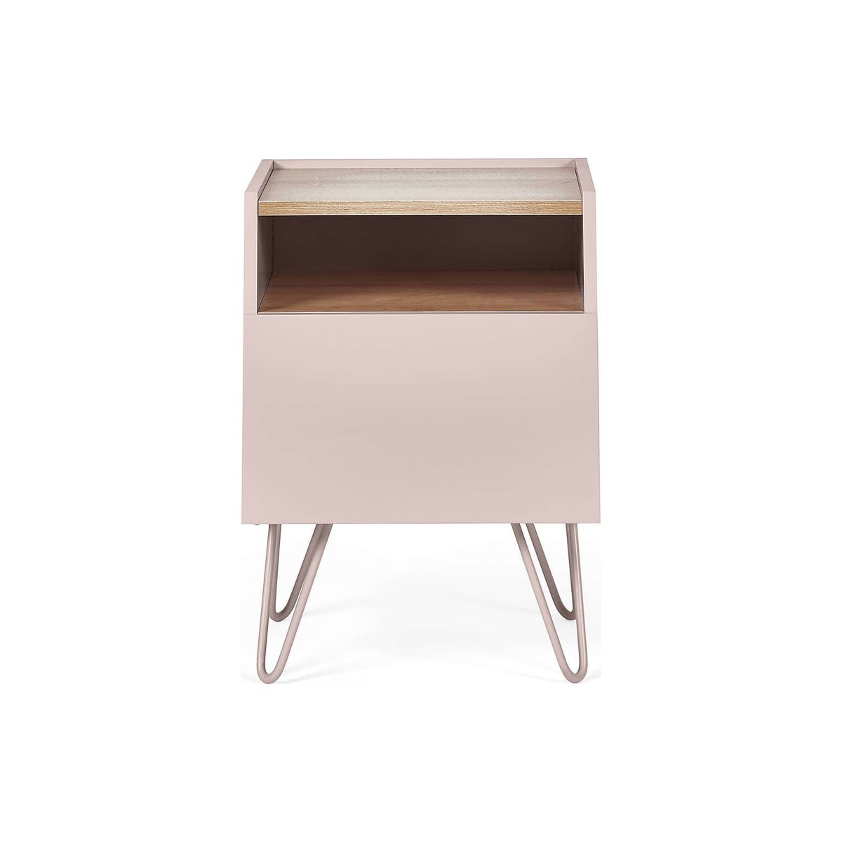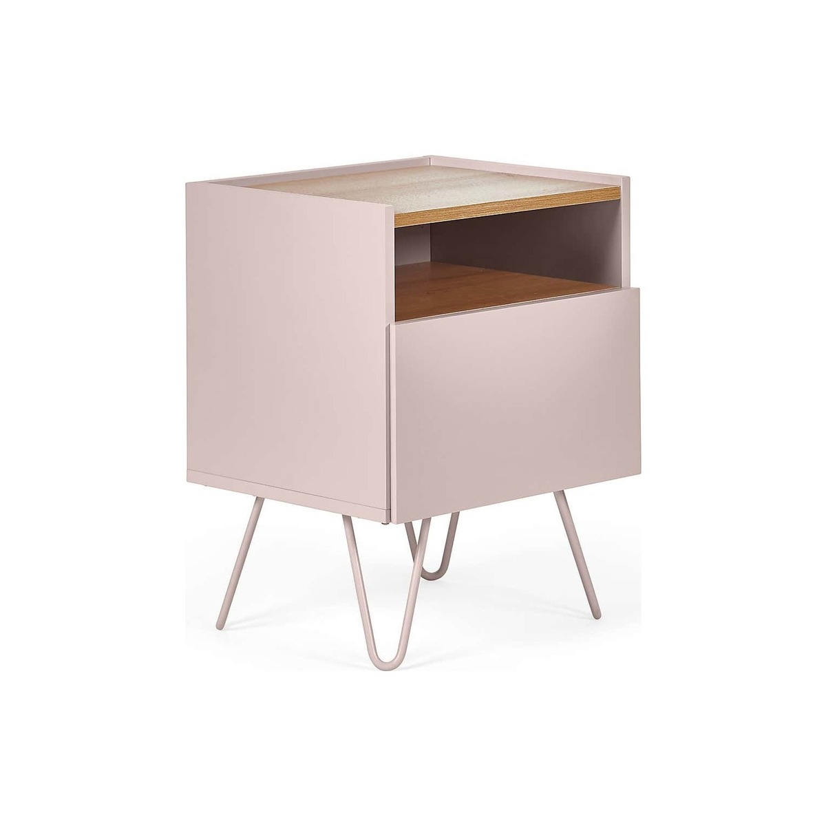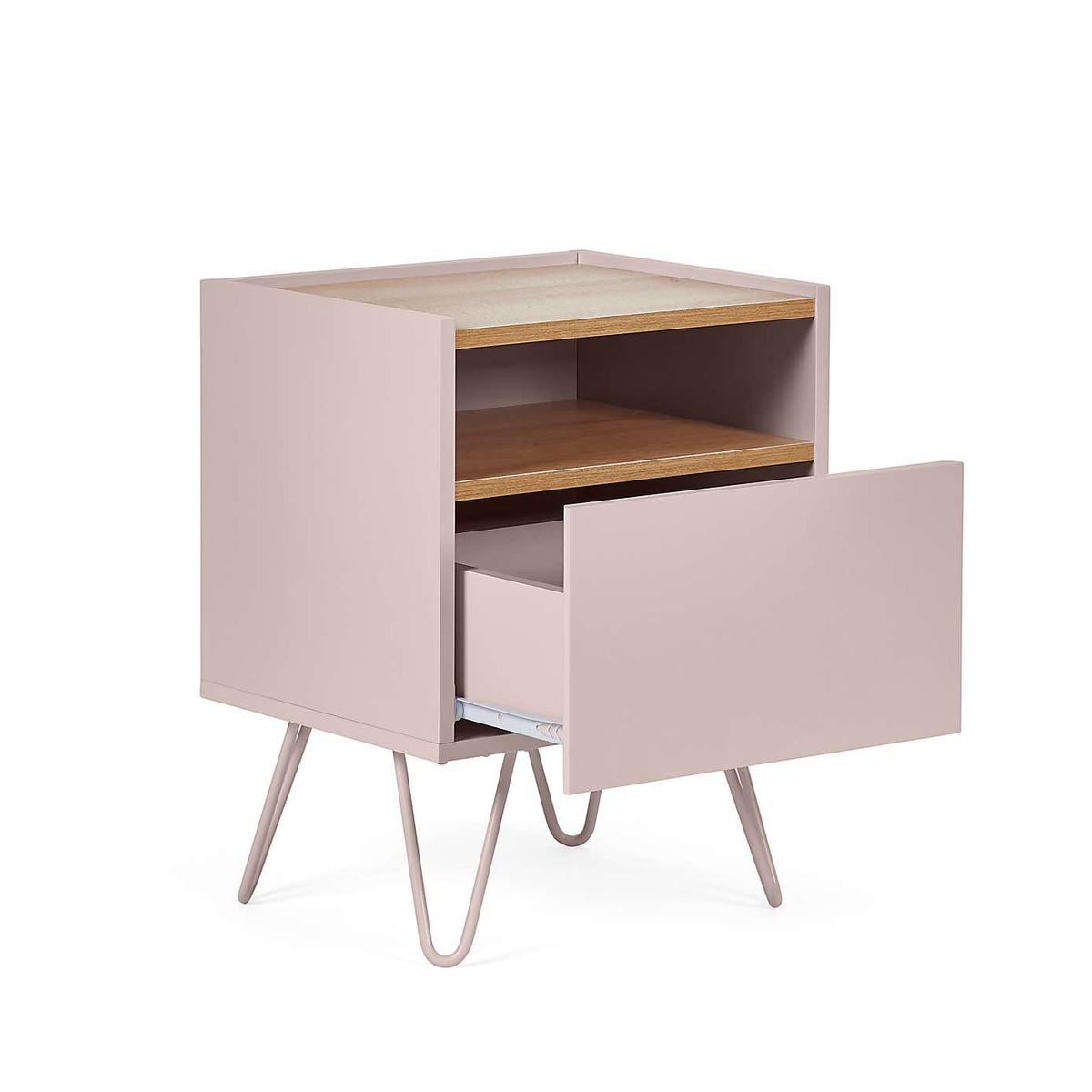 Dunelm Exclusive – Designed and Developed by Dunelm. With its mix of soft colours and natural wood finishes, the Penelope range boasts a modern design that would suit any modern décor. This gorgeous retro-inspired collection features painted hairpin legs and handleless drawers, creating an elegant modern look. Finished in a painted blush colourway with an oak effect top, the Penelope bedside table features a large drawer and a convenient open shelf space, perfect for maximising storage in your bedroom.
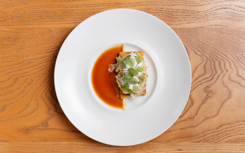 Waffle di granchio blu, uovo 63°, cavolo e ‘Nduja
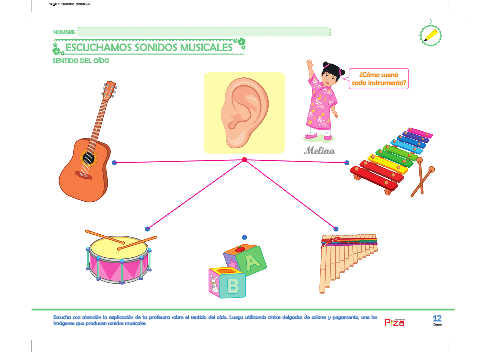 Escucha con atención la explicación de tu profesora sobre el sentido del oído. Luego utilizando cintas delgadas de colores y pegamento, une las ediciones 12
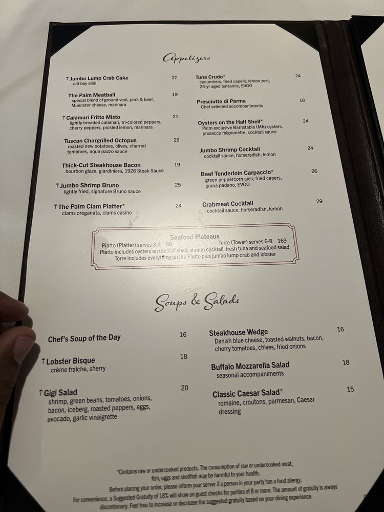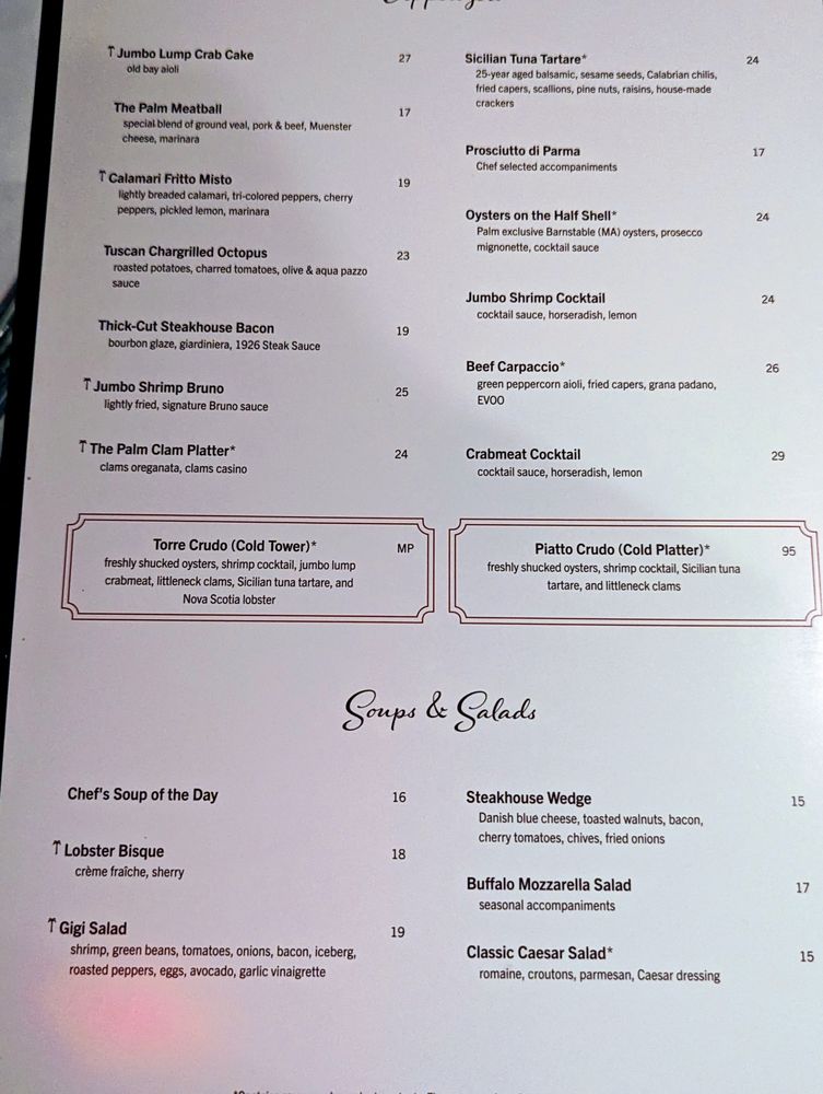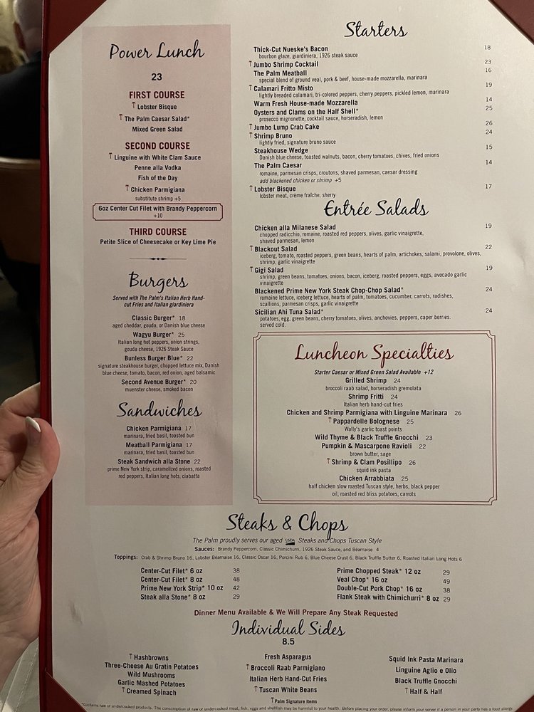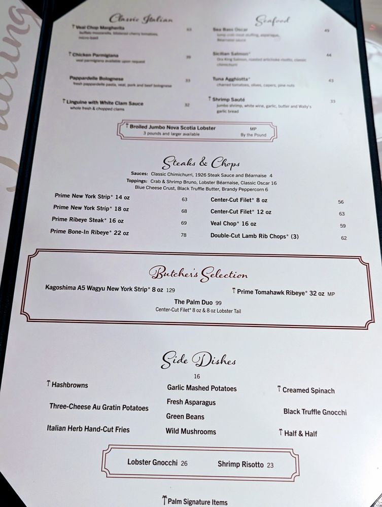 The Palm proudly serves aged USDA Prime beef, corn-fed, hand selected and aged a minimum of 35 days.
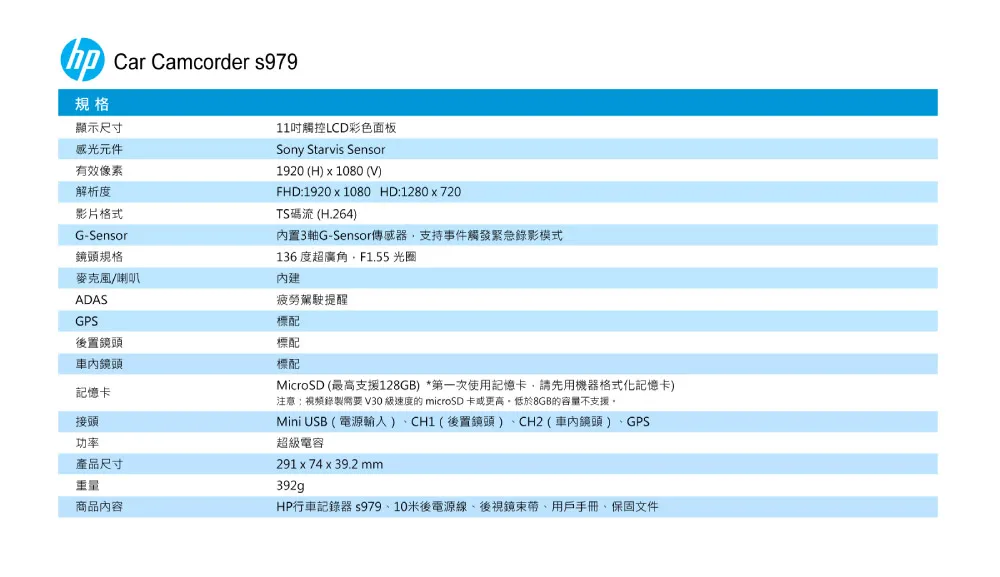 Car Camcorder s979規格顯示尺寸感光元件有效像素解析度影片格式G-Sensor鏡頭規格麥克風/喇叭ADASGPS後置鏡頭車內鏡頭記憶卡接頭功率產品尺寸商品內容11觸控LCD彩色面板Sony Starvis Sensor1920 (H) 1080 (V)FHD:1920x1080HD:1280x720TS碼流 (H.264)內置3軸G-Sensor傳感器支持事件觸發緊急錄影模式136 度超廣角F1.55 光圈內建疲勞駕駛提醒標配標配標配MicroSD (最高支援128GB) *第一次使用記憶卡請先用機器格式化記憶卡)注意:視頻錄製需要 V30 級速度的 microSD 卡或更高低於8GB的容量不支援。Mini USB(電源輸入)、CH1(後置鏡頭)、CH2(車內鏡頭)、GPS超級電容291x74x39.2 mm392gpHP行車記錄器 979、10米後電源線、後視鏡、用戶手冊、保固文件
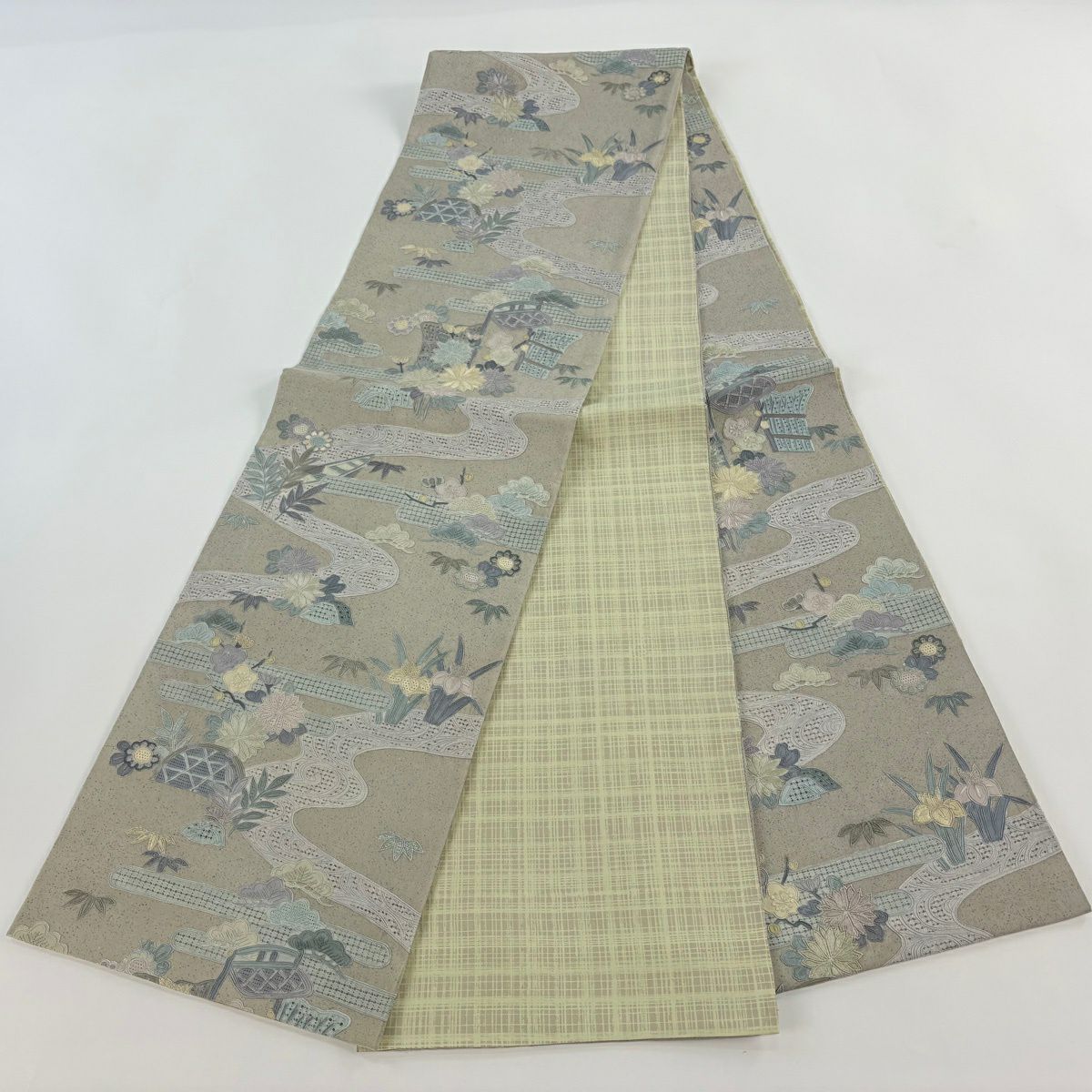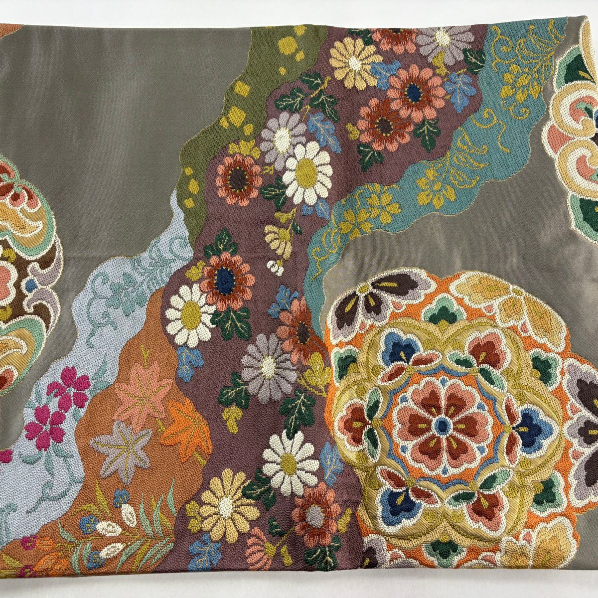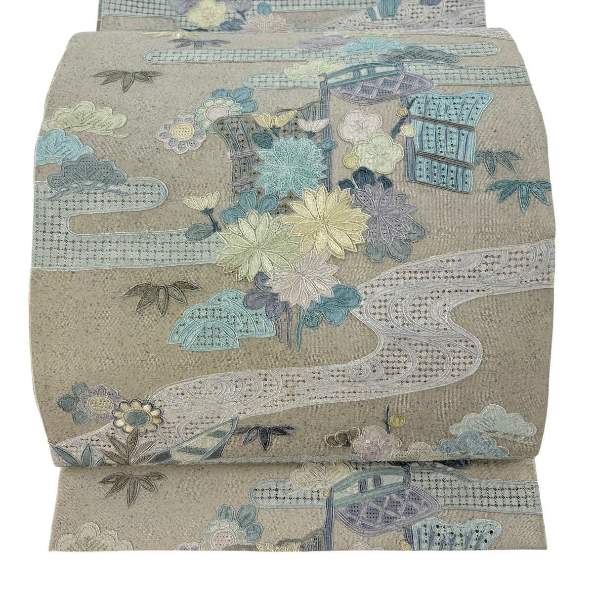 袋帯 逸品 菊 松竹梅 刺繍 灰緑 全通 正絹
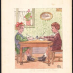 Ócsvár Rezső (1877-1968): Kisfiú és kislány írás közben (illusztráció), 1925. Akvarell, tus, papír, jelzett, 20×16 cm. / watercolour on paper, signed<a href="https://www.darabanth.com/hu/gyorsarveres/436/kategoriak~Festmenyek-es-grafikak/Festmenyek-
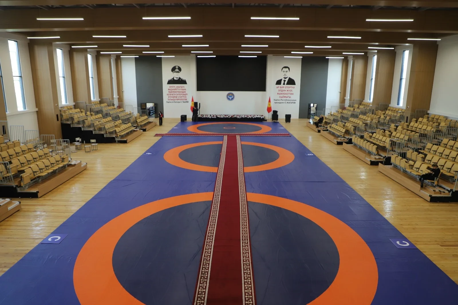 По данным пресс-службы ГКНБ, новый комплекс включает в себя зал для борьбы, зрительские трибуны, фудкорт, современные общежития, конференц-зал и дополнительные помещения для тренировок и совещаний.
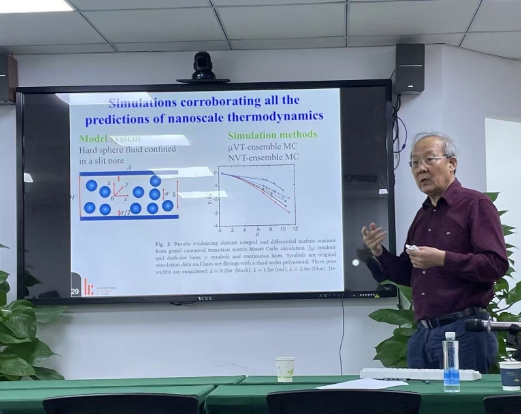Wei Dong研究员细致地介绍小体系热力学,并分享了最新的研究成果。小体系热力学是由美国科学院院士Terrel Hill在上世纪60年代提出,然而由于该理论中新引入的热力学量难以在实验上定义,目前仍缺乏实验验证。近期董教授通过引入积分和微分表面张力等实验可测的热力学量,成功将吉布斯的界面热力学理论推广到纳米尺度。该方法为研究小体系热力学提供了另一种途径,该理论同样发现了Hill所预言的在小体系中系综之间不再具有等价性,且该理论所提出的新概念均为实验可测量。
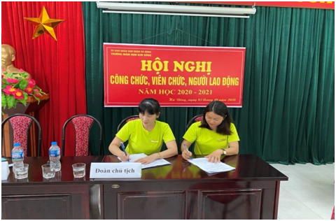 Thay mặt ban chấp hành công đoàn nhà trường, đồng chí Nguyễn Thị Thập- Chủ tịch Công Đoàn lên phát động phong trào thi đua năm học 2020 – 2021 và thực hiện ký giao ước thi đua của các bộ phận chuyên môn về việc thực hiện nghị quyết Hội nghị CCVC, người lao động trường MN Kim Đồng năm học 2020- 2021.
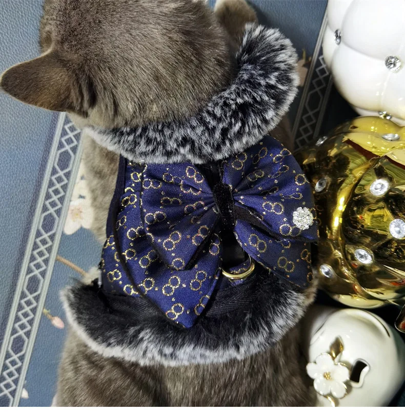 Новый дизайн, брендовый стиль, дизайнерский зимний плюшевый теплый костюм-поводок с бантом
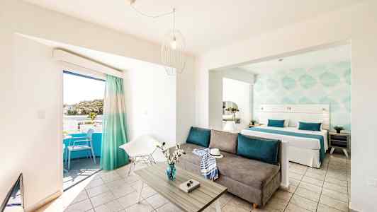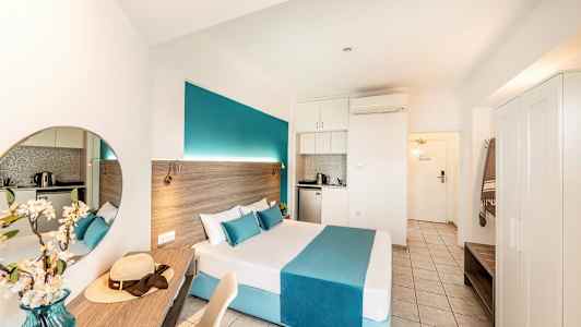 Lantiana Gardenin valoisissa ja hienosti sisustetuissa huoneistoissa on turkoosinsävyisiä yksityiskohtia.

- [Exercise aim] Please return the material above only from the line that holds "袋帯 逸品 菊 松竹梅 刺繍 灰緑 全通 正絹" through the line that holds "Новый дизайн, брендовый", exactly as it stands, ends included and pictures omitted.

- [Worked solution]
 袋帯 逸品 菊 松竹梅 刺繍 灰緑 全通 正絹
 Ócsvár Rezső (1877-1968): Kisfiú és kislány írás közben (illusztráció), 1925. Akvarell, tus, papír, jelzett, 20×16 cm. / watercolour on paper, signed<a href="https://www.darabanth.com/hu/gyorsarveres/436/kategoriak~Festmenyek-es-grafikak/Festmenyek-
 По данным пресс-службы ГКНБ, новый комплекс включает в себя зал для борьбы, зрительские трибуны, фудкорт, современные общежития, конференц-зал и дополнительные помещения для тренировок и совещаний.
Wei Dong研究员细致地介绍小体系热力学,并分享了最新的研究成果。小体系热力学是由美国科学院院士Terrel Hill在上世纪60年代提出,然而由于该理论中新引入的热力学量难以在实验上定义,目前仍缺乏实验验证。近期董教授通过引入积分和微分表面张力等实验可测的热力学量,成功将吉布斯的界面热力学理论推广到纳米尺度。该方法为研究小体系热力学提供了另一种途径,该理论同样发现了Hill所预言的在小体系中系综之间不再具有等价性,且该理论所提出的新概念均为实验可测量。
 Thay mặt ban chấp hành công đoàn nhà trường, đồng chí Nguyễn Thị Thập- Chủ tịch Công Đoàn lên phát động phong trào thi đua năm học 2020 – 2021 và thực hiện ký giao ước thi đua của các bộ phận chuyên môn về việc thực hiện nghị quyết Hội nghị CCVC, người lao động trường MN Kim Đồng năm học 2020- 2021.
 Новый дизайн, брендовый стиль, дизайнерский зимний плюшевый теплый костюм-поводок с бантом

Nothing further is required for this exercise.